For what is worth, vmprof and similar tools would love such field
(there is an open question how can you use vmprof \*and\* another tool,
but later)

That's great to hear! Glad the solution has multiple use-cases.

-Brett

On Mon, Aug 29, 2016 at 11:38 PM, Brett Cannon <brett@python.org> wrote:
\> For quick background for those that don't remember, part of PEP 523 proposed
\> adding a co\_extra field to code objects along with making the frame
\> evaluation function pluggable
\> (https://www.python.org/dev/peps/pep-0523/#expanding-pycodeobject). The idea
\> was that things like JITs and debuggers could use the field as a scratch
\> space of sorts to store data related to the code object. People who objected
\> to the new field did either for memory ("it adds another pointer to the
\> struct that won't be typically used"), or for conceptual reasons ("the code
\> object is immutable and you're proposing a mutable field").

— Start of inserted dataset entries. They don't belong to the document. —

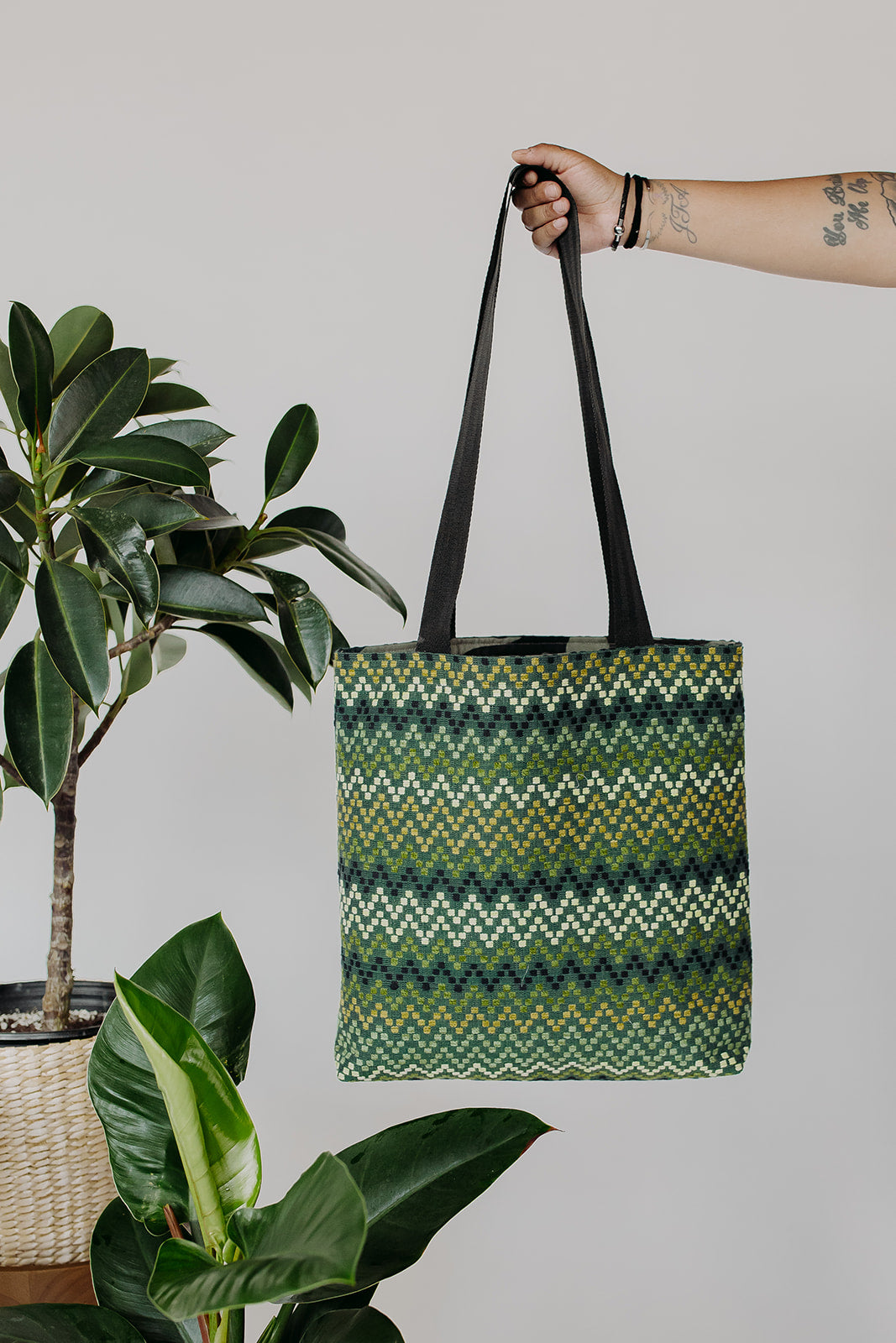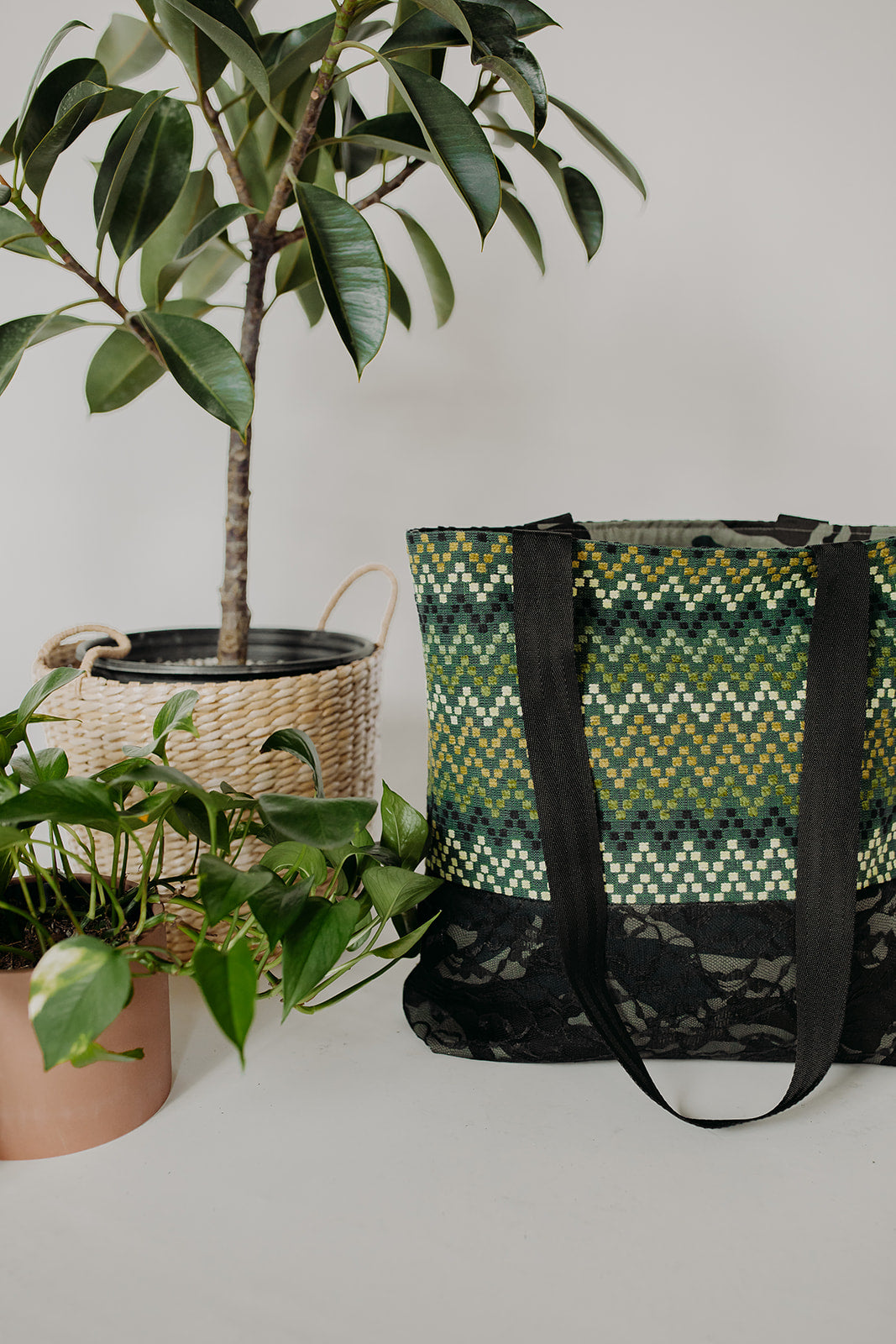 Fully lined tote bag constructed from a vintage fabric in a green/white/black check. Lace detail ads a nice contrast along with an interior pocket that will hold any size phone along with a side for a charger or other accessories. 2” wide black strap.
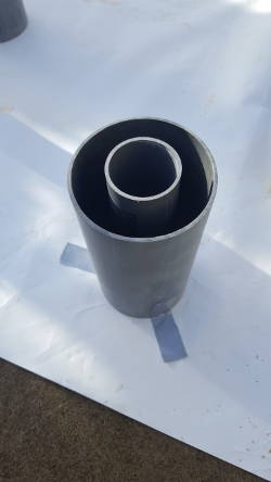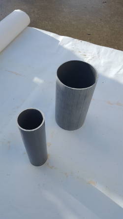 Et bien j’ai utilisé pour cela du tube de PVC de 100 mm et un autre de 50 mm.
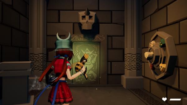 将骷髅头放入大门处机关,按颜色旋转后即可开启大门,前往西区墓室。
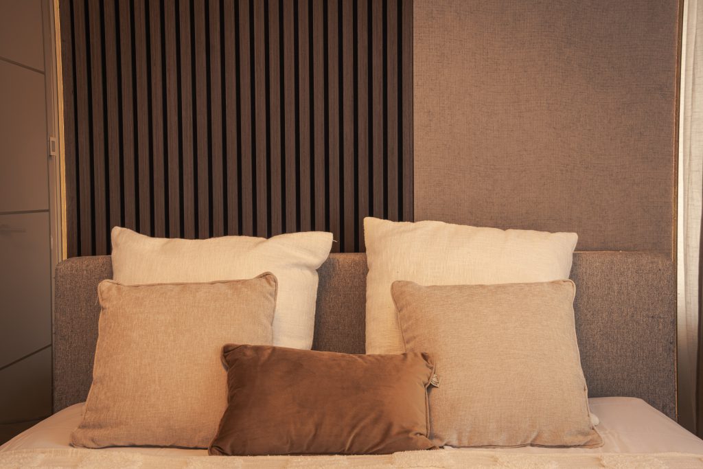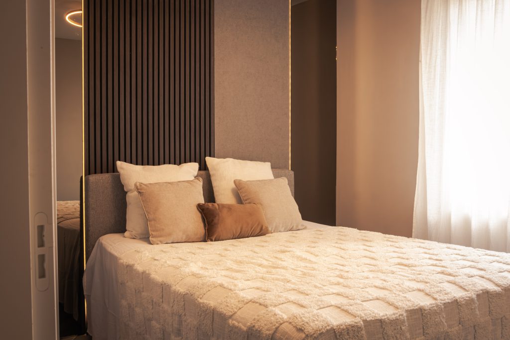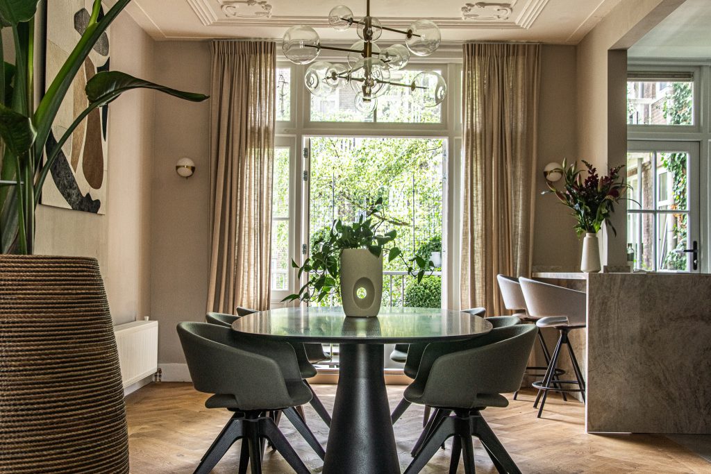 Waar het interieur eerst koel en leeg aanvoelde en voornamelijk witte muren kende, brengen nu rijke materialen, zachte stoffen en subtiele verlichting diepte en comfort.
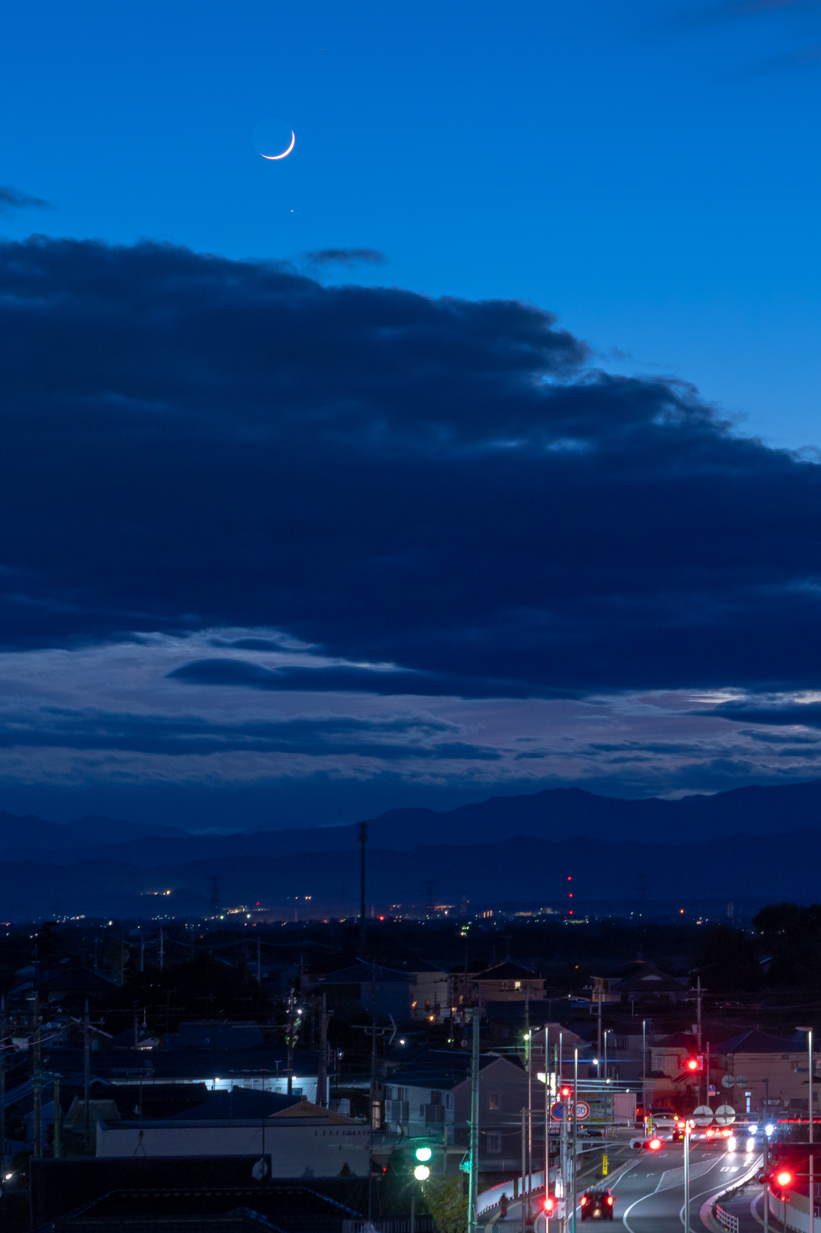 夕暮れ後、月齢2の月に土星が寄り添っていました。

The latter is
\> addressed by not exposing the field in Python and clearly stating that code
\> should never expect the field to be filled.
\>
\> For the former issue of whether the memory was worth it, Dino has been
\> testing whether the field is necessary for performance from a JIT
\> perspective. Well, Dino found the time to test Pyjion without the co\_extra
\> field and it isn't pretty. With the field, Pyjion is faster than stock
\> Python in 15 benchmarks
\> (https://github.com/Microsoft/Pyjion/tree/master/Perf). Removing the
\> co\_extra field and using an unordered\_map from the C++ STL drops that number
\> to 2\. Performance is even worse if we try and use a Python dictionary
\> instead.
\>
\> That means we still want to find a solution to attach arbitrary data to code
\> objects without sacrificing performance. One proposal is what's in PEP 523
\> for the extra field. Another option is to make the memory allocator for code
\> objects pluggable and introduce a new flag that signals that the object was
\> created using a non-default allocator. Obviously we prefer the former
\> solution due to its simplicity. :)
\>
\> Anyway, we would like to get this settled this week so that I can get
\> whatever solution we agree to (if any) in next week in time for Python 3.6b1
\> feature freeze that would be greatly appreciated.